Range to repeat from the listing below: the line containing "Example of a" down to the line containing "Tub boat Leif", both included. Copy it exactly, pictures excluded, and add nothing else.

Data shown:
::::

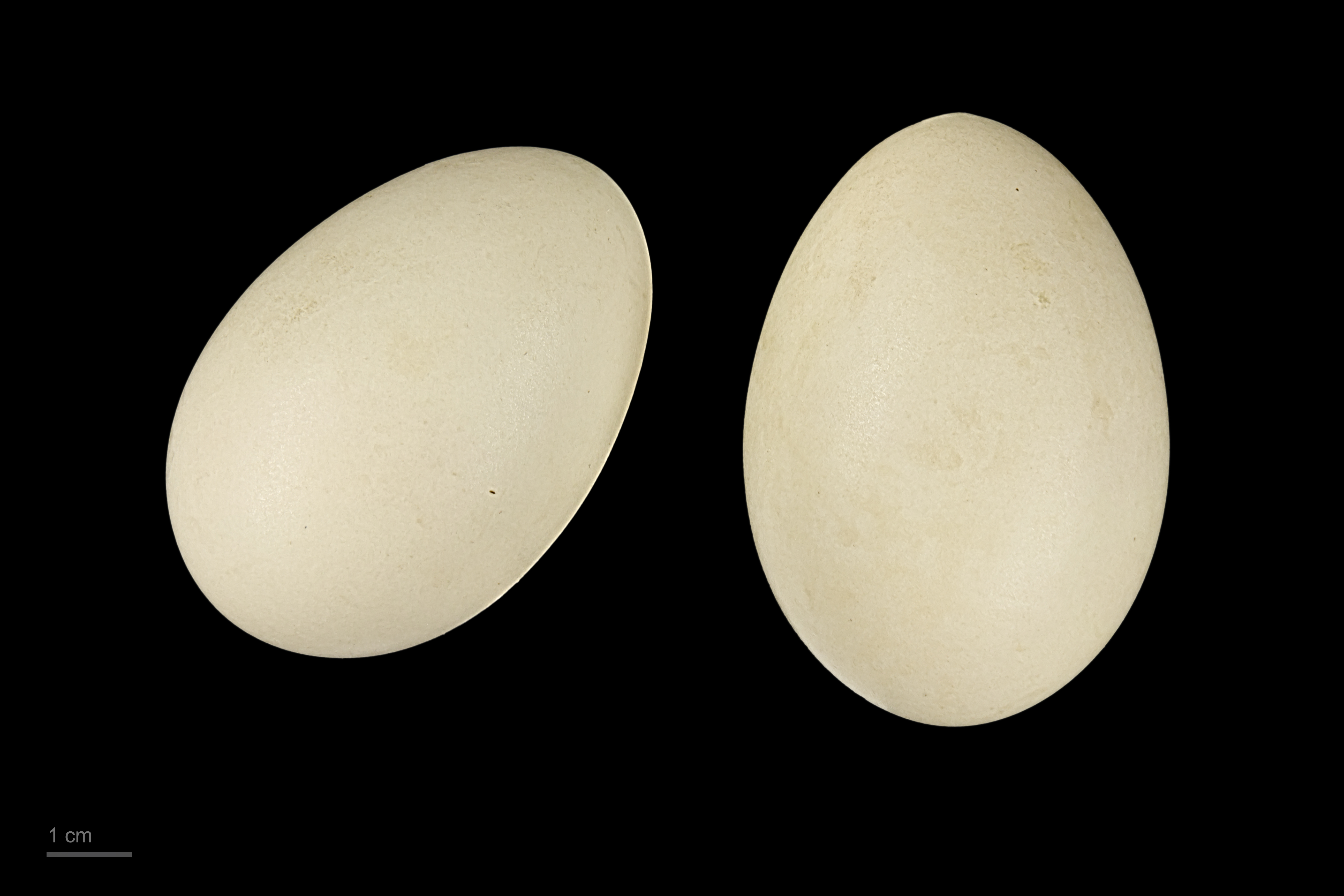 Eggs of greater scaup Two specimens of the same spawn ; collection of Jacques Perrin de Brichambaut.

::::

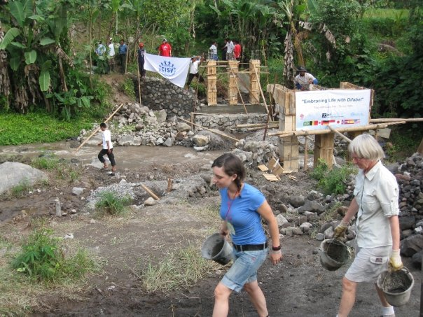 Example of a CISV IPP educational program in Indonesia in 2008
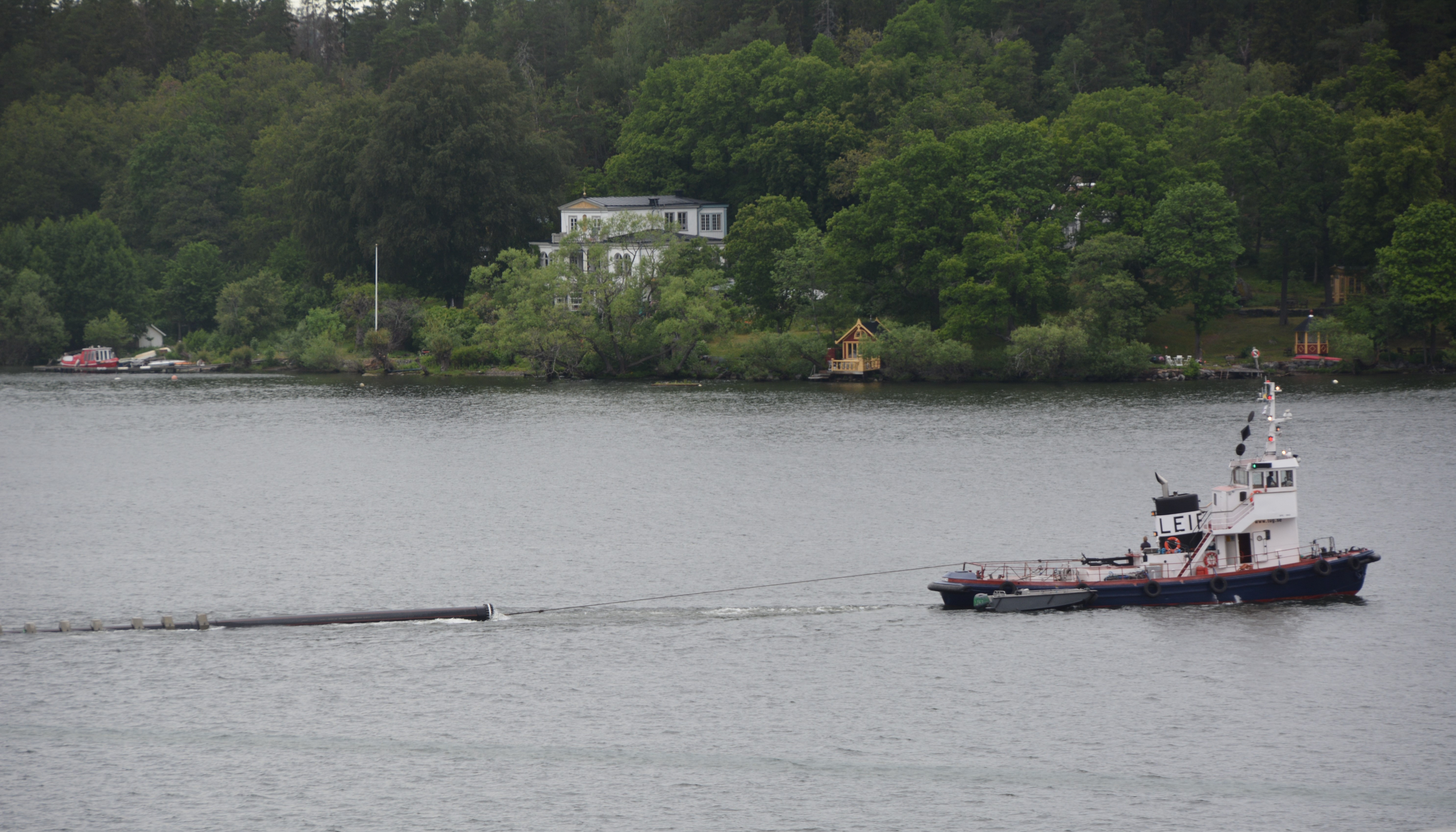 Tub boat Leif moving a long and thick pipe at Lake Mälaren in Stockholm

::::

Task output:
 Example of a CISV IPP educational program in Indonesia in 2008
 Tub boat Leif moving a long and thick pipe at Lake Mälaren in Stockholm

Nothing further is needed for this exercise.